And Their Race to Build the World's Fastest Clipper Ship

About The Book

“A fascinating, fast-paced history…full of remarkable characters and incredible stories” about the nineteenth-century American dynasties who battled for dominance of the tea and opium trades (Nathaniel Philbrick, National Book Award–winning author of In the Heart of the Sea).

There was a time, back when the United States was young and the robber barons were just starting to come into their own, when fortunes were made and lost importing luxury goods from China. It was a secretive, glamorous, often brutal business—one where teas and silks and porcelain were purchased with profits from the opium trade. But the journey by sea to New York from Canton could take six agonizing months, and so the most pressing technological challenge of the day became ensuring one’s goods arrived first to market, so they might fetch the highest price.

“With the verse of a natural dramatist” (The Christian Science Monitor), Steven Ujifusa tells the story of a handful of cutthroat competitors who raced to build the fastest, finest, most profitable clipper ships to carry their precious cargo to American shores. They were visionary, eccentric shipbuilders, debonair captains, and socially ambitious merchants with names like Forbes and Delano—men whose business interests took them from the cloistered confines of China’s expatriate communities to the sin city decadence of Gold Rush-era San Francisco, and from the teeming hubbub of East Boston’s shipyards and to the lavish sitting rooms of New York’s Hudson Valley estates.

Elegantly written and meticulously researched, Barons of the Sea is a riveting tale of innovation and ingenuity that “takes the reader on a rare and intoxicating journey back in time” (Candice Millard, bestselling author of Hero of the Empire), drawing back the curtain on the making of some of the nation’s greatest fortunes, and the rise and fall of an all-American industry as sordid as it was genteel.



He cared little for outsiders, but would do anything for his own family.


Warren Delano II loved sitting at his big desk at Algonac, his Hudson River estate. Around him were treasures of Chinese art: temple bells, porcelains, silk wall hangings. This day, through the wavy glass panes of the library windows, he could see a fall breeze rustle the red and gold leaves on the trees, and the sun glitter on the river. The air was crisp, and a coal fire glowed in the hearth. Penning letters to family and friends, with advice on business and stern judgments about character, he was at home, in charge, and seemingly at ease, managing a business empire that spanned the globe.
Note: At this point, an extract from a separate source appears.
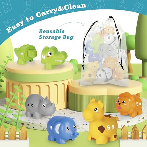 Fun Spelling & Matching Games: 26 safari animals for 26 letters! There are the same letters on either side of the safari animals pieces, which makes it able to spell out simple words. Cute alphabet safari animals are easy to assemble, mix, match, and store with a portable draw-string bag.

Fifty years old in the fall of 1859, Delano was a tough man to the core: well over six feet tall, with chiseled features, a hooked nose, a leonine beard, and bristling sideburns. Suspicious of strangers, he loved his family without reservation. All coldness melted away when his six children tumbled around the library, as they often did while he worked. If two of them got into a fight over a toy, he would look up from his desk, smile, utter firmly, “What’s that? Tut, tut!” and the squabble would stop. It was not fear of the patriarch but fear of disappointing him that kept his children well behaved. He never spanked them. Nor did he share his worries on days when letters brought ill news. In the words of one daughter, he had a remarkable knack for hiding “all traces of sadness or trouble or news of anything alarming.”2 To be a true Delano, one had to keep a pleasant disposition, no matter what life threw at you.

The Delano clan had been risking their lives on the high seas ever since the Flemish Protestant adventurer Philippe Delannoy first made the Atlantic crossing to the Plymouth Bay Colony in 1621. Building the family’s maritime fortunes required spending much of life apart from those they loved, and demanded a delicate balance of poise on land and toughness at sea. It was a fact of life in seagoing New England: the longer the absence and the larger the risks, the greater the financial rewards. The old whale-hunting cry “A dead whale or a stove boat!” could well have been the family’s motto.I

For two centuries, the clan had sacrificed much to attain modest prosperity. But Warren Delano’s opulent fortune had sprung from his mastery of another kind of maritime gamble: trading in tea and opium. He had made two visits to China as a young man, first as a bachelor, and then with his wife, Catherine, whom he had married only a few weeks before they set sail. They had lost their first-born child in that country, a tragedy that had driven his young bride to near-suicidal despair. Another child would come home chronically ill.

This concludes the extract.